◆ WHAT THIS TASK INVOLVES:
Using only the entries below, output the lines starting at the one containing "المُرَقِّع, عن أبي" and ending at the one containing "紗綾型の地紋のある赤紅色の地", exactly and inclusive of both, omitting the pictures.

◆ DATA EXTRACTS:
'''

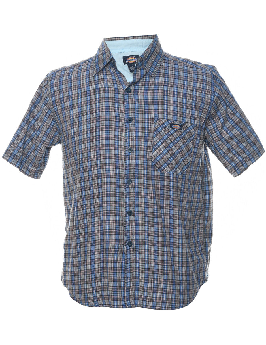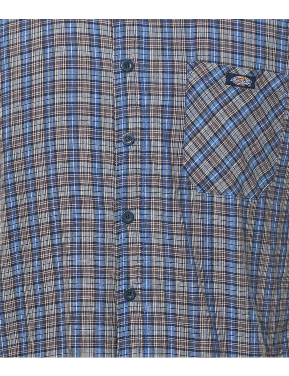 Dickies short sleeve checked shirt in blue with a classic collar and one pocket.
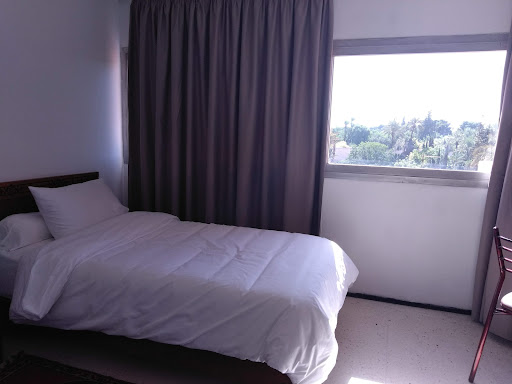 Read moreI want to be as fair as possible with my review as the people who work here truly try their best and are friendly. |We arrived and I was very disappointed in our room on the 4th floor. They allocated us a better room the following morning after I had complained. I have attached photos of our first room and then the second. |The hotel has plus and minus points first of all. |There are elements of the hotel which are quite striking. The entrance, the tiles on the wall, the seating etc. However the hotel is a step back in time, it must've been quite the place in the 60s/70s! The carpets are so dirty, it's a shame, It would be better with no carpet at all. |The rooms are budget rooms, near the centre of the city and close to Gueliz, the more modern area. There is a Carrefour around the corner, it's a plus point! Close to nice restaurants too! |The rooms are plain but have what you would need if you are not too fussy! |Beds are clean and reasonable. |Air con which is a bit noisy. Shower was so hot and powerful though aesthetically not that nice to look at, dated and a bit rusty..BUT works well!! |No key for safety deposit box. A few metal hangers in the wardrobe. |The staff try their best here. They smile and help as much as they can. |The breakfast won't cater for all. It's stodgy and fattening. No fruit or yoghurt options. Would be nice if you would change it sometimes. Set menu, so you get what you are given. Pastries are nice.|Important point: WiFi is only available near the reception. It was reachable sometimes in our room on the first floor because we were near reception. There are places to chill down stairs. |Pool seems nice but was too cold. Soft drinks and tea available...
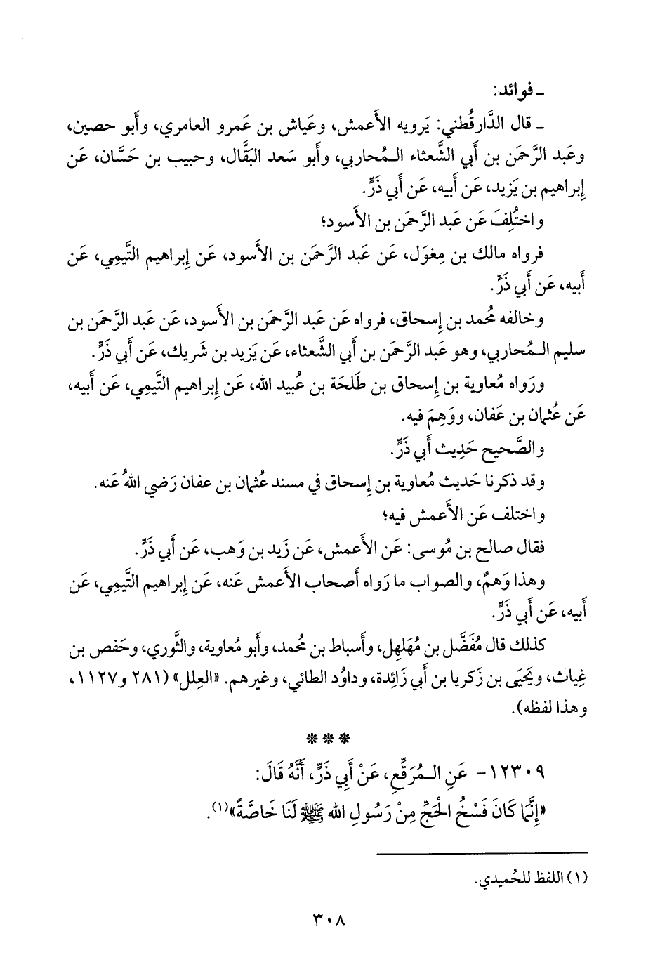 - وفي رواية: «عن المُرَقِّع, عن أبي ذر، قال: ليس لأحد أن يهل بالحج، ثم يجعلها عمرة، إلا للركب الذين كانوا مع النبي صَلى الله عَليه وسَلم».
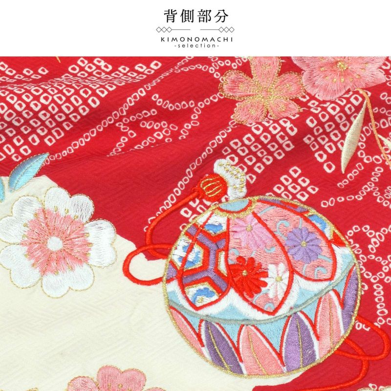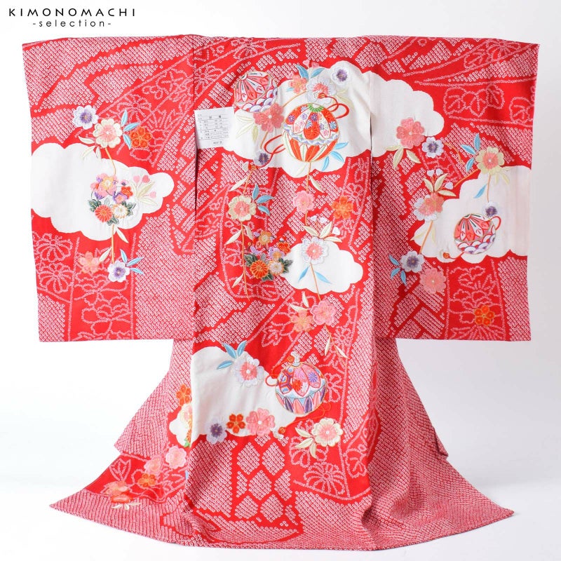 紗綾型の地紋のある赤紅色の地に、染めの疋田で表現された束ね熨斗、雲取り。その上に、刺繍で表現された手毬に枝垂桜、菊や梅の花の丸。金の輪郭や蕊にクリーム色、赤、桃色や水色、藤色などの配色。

'''
'''

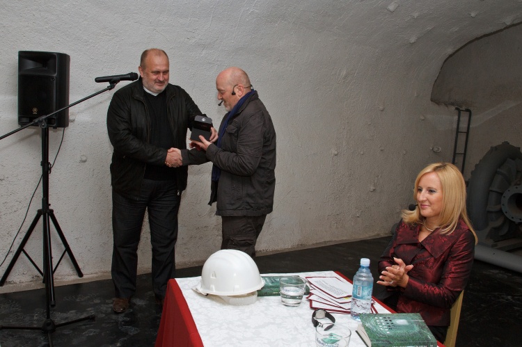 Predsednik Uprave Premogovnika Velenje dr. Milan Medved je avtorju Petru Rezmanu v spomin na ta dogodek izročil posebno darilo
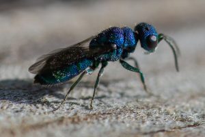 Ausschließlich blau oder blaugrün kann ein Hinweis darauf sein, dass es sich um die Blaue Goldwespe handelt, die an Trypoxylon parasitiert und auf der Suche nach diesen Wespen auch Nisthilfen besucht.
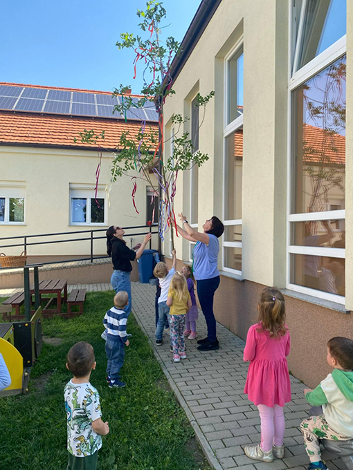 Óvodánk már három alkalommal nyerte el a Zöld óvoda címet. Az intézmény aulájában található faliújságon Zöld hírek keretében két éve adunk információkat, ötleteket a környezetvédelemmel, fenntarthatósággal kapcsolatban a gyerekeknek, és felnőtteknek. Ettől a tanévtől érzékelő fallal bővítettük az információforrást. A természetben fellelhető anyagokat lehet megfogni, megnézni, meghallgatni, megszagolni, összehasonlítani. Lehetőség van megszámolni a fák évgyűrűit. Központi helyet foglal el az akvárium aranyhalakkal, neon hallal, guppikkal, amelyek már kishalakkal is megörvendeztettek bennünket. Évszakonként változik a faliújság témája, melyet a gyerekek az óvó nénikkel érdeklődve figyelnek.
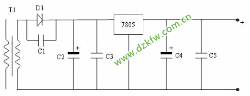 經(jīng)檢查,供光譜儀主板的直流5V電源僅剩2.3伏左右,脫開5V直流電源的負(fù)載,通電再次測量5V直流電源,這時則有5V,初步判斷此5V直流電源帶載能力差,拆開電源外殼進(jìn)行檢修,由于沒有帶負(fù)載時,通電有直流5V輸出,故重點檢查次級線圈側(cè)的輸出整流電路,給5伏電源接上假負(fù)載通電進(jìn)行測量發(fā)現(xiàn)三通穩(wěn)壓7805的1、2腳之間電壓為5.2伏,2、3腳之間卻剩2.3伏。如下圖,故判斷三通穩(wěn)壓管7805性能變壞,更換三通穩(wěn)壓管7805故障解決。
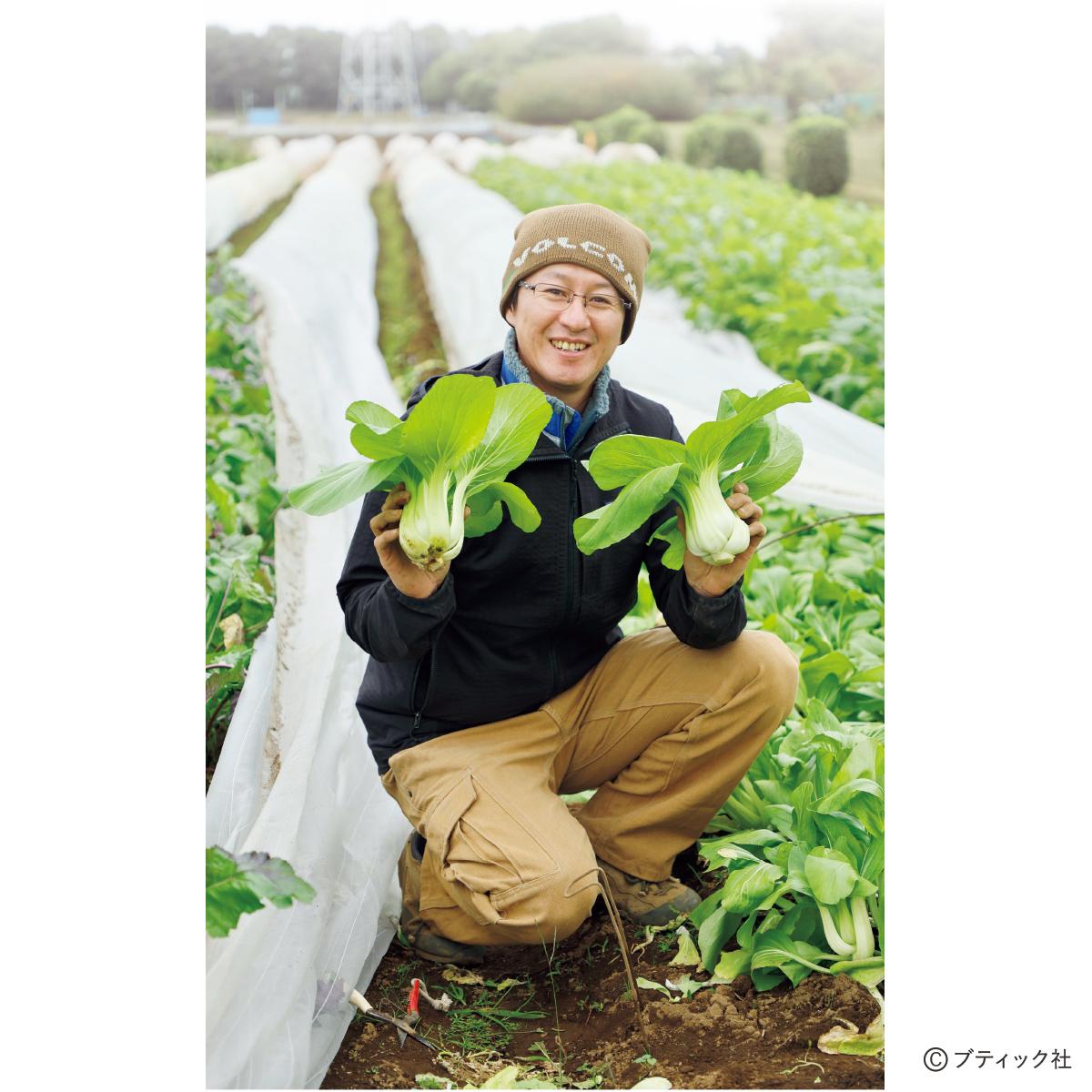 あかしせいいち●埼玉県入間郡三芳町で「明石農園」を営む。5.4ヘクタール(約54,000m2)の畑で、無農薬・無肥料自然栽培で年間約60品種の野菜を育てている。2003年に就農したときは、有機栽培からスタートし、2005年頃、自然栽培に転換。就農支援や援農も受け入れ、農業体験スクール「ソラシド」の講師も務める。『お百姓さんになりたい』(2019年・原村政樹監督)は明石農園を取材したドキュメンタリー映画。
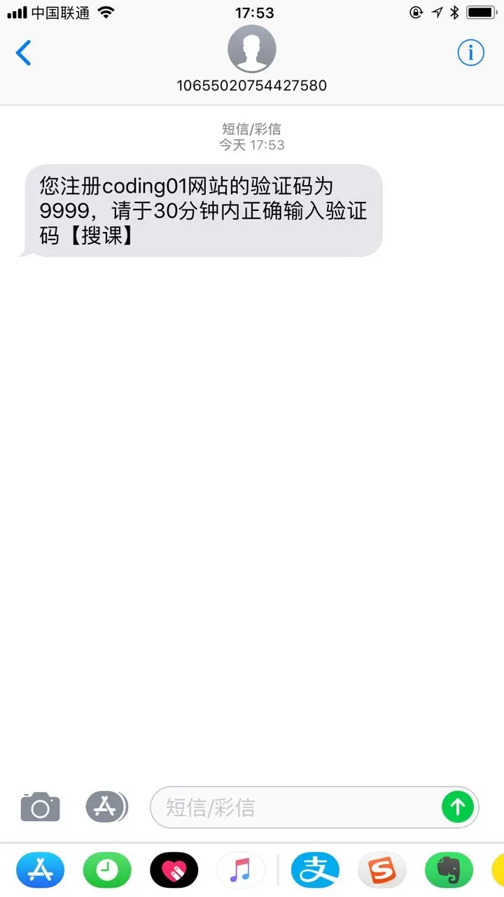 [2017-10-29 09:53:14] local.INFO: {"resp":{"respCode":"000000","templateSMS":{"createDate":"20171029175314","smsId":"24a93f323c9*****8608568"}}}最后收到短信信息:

'''

◆ SOLUTION TO THE EXERCISE:
 - وفي رواية: «عن المُرَقِّع, عن أبي ذر، قال: ليس لأحد أن يهل بالحج، ثم يجعلها عمرة، إلا للركب الذين كانوا مع النبي صَلى الله عَليه وسَلم».
 紗綾型の地紋のある赤紅色の地に、染めの疋田で表現された束ね熨斗、雲取り。その上に、刺繍で表現された手毬に枝垂桜、菊や梅の花の丸。金の輪郭や蕊にクリーム色、赤、桃色や水色、藤色などの配色。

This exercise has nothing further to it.